By Eric Hamilton
Seemingly everyone has a smartphone in their pocket, and we find new uses for them every day. They can help us avoid traffic jams or connect us to family from afar. They can even translate languages on the fly.
Scientists can now use mobile imagery and an app to determine bulk density of soil more easily.
Now, scientists have figured out a new trick. Using a regular smartphone camera and some 3D-printed tools, they’ve developed an easier way to measure soil density. With the volume and weight of soil samples, scientists can compare the nutrient or carbon stocks in soils so we better manage them. With their new system, they cheaply reproduced expensive, time-consuming methods that require lasers or messy wax.
“The new approach could allow scientists around the world to speed up their work with tools they already have or can easily acquire,” says Colby Brungard. Brungard is a researcher at New Mexico State University.
Measuring soil density is simple in principle, but hard in the real world. To determine density, scientists need the weight, or mass, of a clump of soil, along with the volume. Determining weight just requires a scale. But determining the volume of soil clumps – called peds - is traditionally a much more difficult task.
The original method to measure the volume carefully coated the soil ped in wax and then placed it in water. Messy. Three-dimensional laser scanning has emerged as an alternative, but it’s pricey and time-consuming.
Experimental set up showing soil sample on a 3D-printed turntable with cell phone. A light provides consistent illumination while a white background and white turntable top reduce background influence. The soil sample is rotated on the turn table while taking an image every one fourth rotation.
With these challenges in mind, Brungard was casting about for a better method.

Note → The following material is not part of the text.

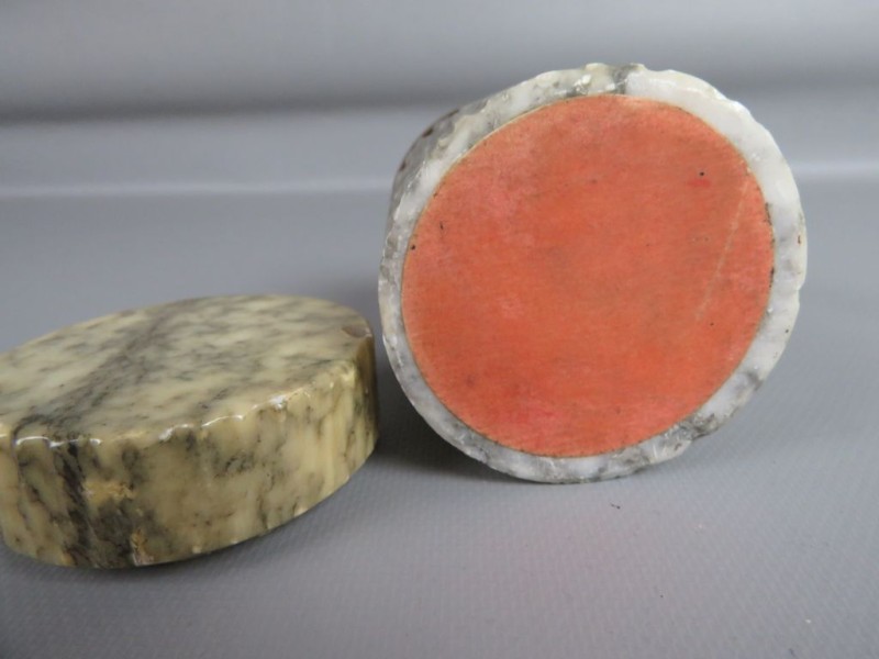 Bijpassende Pot: ( Ø 7 x H 12 cm) Een hoge, cilindrische pot met een deksel van hetzelfde gesteente. De pot is omrand met een glanzende messing band en de binnenzijde is ook met metaal afgewerkt. Deze diende waarschijnlijk voor sigaretten.

Based on a colleague’s work, he knew photographs could be used to measure volume. So, he figured all he needed were photos from the right angles and a scale. Brungard decided to pitch the idea of creating a mobile app to students during a guest lecture.
“When I gave the guest lecture, I explained my idea and asked the undergraduate students if any of them had an interest in taking on the project,” says Brungard. “Michael Whiting, a student in the class and the lead author of the paper, volunteered and did the research.”

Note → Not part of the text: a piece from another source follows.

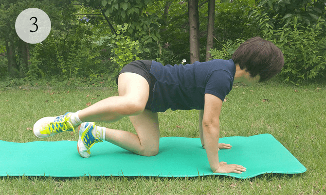 ③ Lặp lại động tác lên xuống trong khi vẫn giữ thăng bằng.

The team turned to modern conveniences. They knew that smartphones had cameras good enough to take high-resolution photos of a soil ped. To get a consistent view of the entire soil sample, they used a 3D printer to create a tiny turntable just a few inches across. The turntable had a cradle for the phone, to keep it still. And it had a simple crank allowing it to be turned by hand while the phone grabbed multiple pictures.
The scientists uploaded the pictures to a program that could stitch them together into a 3D image, which gave a measure of the volume. When they compared the smartphone system to the old standbys of laser-scanning or wax-dipping, the final measurements were nearly identical. That accuracy proved true across five different types of soil peds.